By NICK SMITH
For Boss Hog's Cristina Martinez, it was like a scene out of a David Lynch movie - playing to dignitaries and athletes at Sydney's Olympic village during the band's just-completed Australian tour.
The noisy New York alt-rockers are hardly in the mainstream league of Midnight Oil, INXS or Kylie Minogue, who did their bit for the closing ceremony.
Adding to the oddity of their Olympics concert is the fact that for Martinez, "sport doesn't really do it for me - it was like playing a church social, it was like a David Lynch thing." As for the identities of the dignitaries - "Who knows?"
If she had had her way with the invitations, people such as Nick Cave and Jane Campion would have been on the guest list.
And Martinez would also have played her brand of fuzz-drenched primal rock'n'roll beside the Olympic pool while synchronised swimmers provided a sideshow.
"I really like the synchronised swimming," she says. "It's bizarre."
Synchronised swimming appeals to her New York artistic sensibility - take something as natural and humdrum as swimming and then muck it up.
The Big Apple is home for Martinez, her 3-year-old son Henry and husband Jon Spencer, who is also the frontman-guitarist of the Jon Spencer Blues Explosion who, with past albums and tours, is better-known in New Zealand than Boss Hog.
But after a legion of interviews with Antipodean journalists, Martinez is sick of speaking about her famous hubby.

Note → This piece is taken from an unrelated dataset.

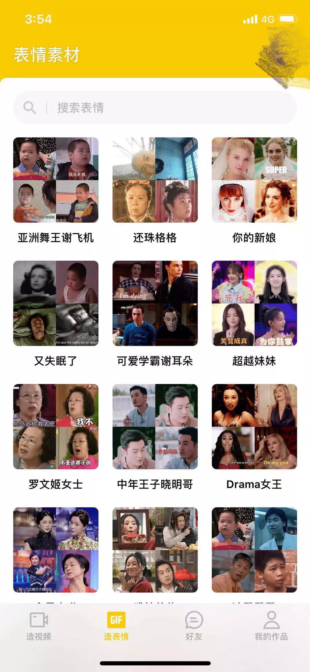 在“造表情“功能里,用户可以将动态表情包中的脸换成自己的,目前可选表情包有亚洲舞王谢飞机、还珠格格、超越妹妹、中年王子黄晓明、甄嬛传等31个分类。

Talk moves instead to her band's live form.
"Our shows have been consistently good, right from the beginning,"says the woman who marked the first Boss Hog gig by singing naked. "We're finely tuned for [the Powerstation], we're raising the bar every night and doing incredible shows."
She describes the band - featuring, along with Spencer, the rhythm section of Jens Jergensen and Hollis Queens and Mark Boyce on keyboards - as "charismatic and fun" with an "in-your-face attitude."
"It's an amazing opportunity to let everything out of your system. I think we're all uninhibited."
She cheerfully admits to knowing next to nothing about Godzone, despite visiting here when the Blues Explosion toured in the 90s.
She flatters by saying she would love to spend time here on holiday. "I'd love to but we're taking our son out of school to do this." The reality is that rock'n'roll gigs leave little time for sightseeing.
But then it is hard touring with a 3-year-old, despite the nanny, and parenting is part of the reason Boss Hog have been so quiet of late.
Their fifth album Whiteout is their first since 1995's self-titled album on the Geffen label. Now it's comeback time and Martinez is gagging for the chance to show Kiwis the band's brand of rock'n'swagger.
"I'm always looking forward to the opportunity of doing something really weird."
* Boss Hog play the Powerstation on Monday October 23.
Boss Hog - Looking to get weird in New Zealand.